In [1]:
import csv
from collections import deque
import statistics

In [3]:
def read_series(path, key):
    series = []
    with open(path, newline='') as f:
        reader = csv.DictReader(f)
        for row in reader:
            series.append(float(row[key]))
    return series

def rolling_stats(series, window):
    means = []
    stds  = []
    buf = deque(maxlen=window)
    for x in series:
        buf.append(x)
        if len(buf) < window:
            means.append(None)
            stds.append(None)
        else:
            means.append(statistics.mean(buf))
            stds.append(statistics.stdev(buf))
    return means, stds

def detect_anomalies(series, rolling_mu, rolling_sigma, z_thresh=3.0):
    anomalies = []
    for i, (x, mu, sigma) in enumerate(zip(series, rolling_mu, rolling_sigma)):
        if mu is None or sigma is None or sigma == 0:
            continue
        z = (x - mu) / sigma
        if abs(z) > z_thresh:
            anomalies.append((i, x, z))
    return anomalies

if __name__ == "__main__":
    path = "/content/gemini_BTCUSD_2020_1min.csv"
    col  = "Close"
    window = 20
    z_thresh = 3.0

    series = read_series(path, col)
    mu, sigma = rolling_stats(series, window)
    anomalies = detect_anomalies(series, mu, sigma, z_thresh)

    print(f"Found {len(anomalies)} anomalies in column '{col}':")
    for idx, val, z in anomalies:
        print(f"  Row {idx:4d}: value={val:.2f}, z_score={z:.2f}")

Found 79 anomalies in column 'Close':
  Row  355: value=55868.23, z_score=3.34
  Row  412: value=54949.35, z_score=-3.12
  Row  468: value=54775.16, z_score=-3.09
  Row 1118: value=56549.52, z_score=-3.33
  Row 2131: value=54271.05, z_score=-3.34
  Row 2163: value=53322.43, z_score=-3.13
  Row 2401: value=56572.05, z_score=3.03
  Row 2480: value=55000.00, z_score=-3.49
  Row 2852: value=59400.00, z_score=-3.15
  Row 3357: value=60073.04, z_score=-3.24
  Row 3504: value=61010.93, z_score=-3.21
  Row 3505: value=60949.78, z_score=-3.06
  Row 3567: value=60749.28, z_score=-3.08
  Row 4036: value=62160.00, z_score=-3.01
  Row 4166: value=62219.56, z_score=-3.16
  Row 4385: value=61756.49, z_score=3.15
  Row 5067: value=60410.72, z_score=-3.29
  Row 5305: value=61475.03, z_score=-3.19
  Row 5366: value=61171.90, z_score=-3.40
  Row 5487: value=62533.17, z_score=3.27
  Row 6081: value=62928.75, z_score=3.19
  Row 6886: value=63002.64, z_score=3.18
  Row 7314: value=62616.02, z_score=-3.14
  

* **read_series:** I pull out one numeric column (e.g. “Close” prices) and turn it into a Python list of floats.

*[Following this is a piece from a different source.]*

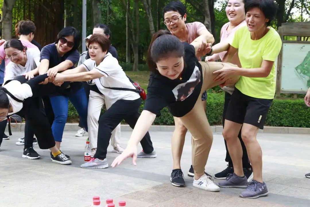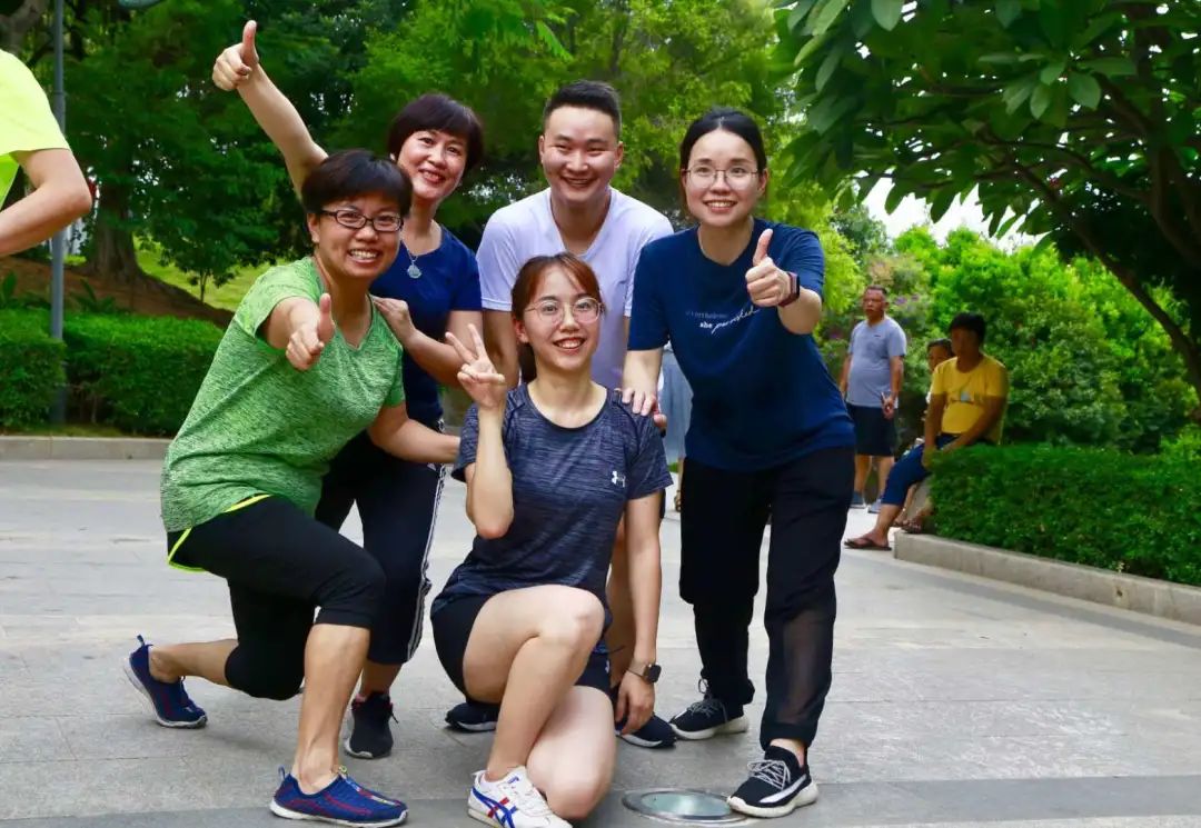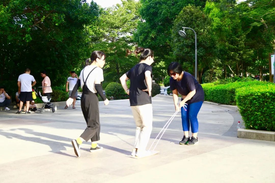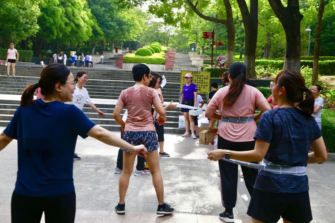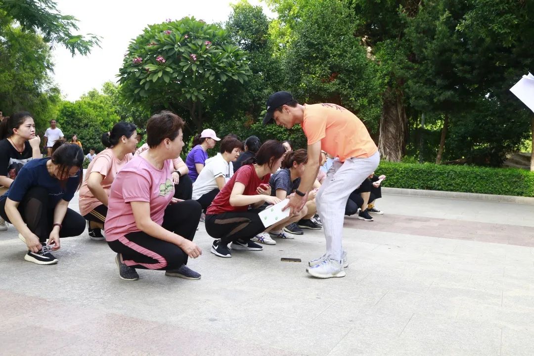 原来,晋江市医院第二期健康管理活动成员在这里举行户外活动。为期90天的健康管理活动,他们已经连续进行了45天。每天的有氧训练、抗阻训练已成为他们的运动习惯,他们的身上散发出更多的阳光快乐气息。这一天他们通过趣味运动的比赛形式,将体育运动中的体力、耐力、柔韧性、敏捷性充分展现出来,同时与团队协作有机结合起来,对这一期健康管理活动进行“中期考核 ”。

* **rolling_stats:** I keep a sliding window (deque) of the last N values (say, 20), and for each point I record the mean and standard deviation of that window.

* **detect_anomalies:** I go through each data point, compute its z-score (how many sigmas away from the rolling mean), and if it exceeds our threshold (3 by default), I flag it.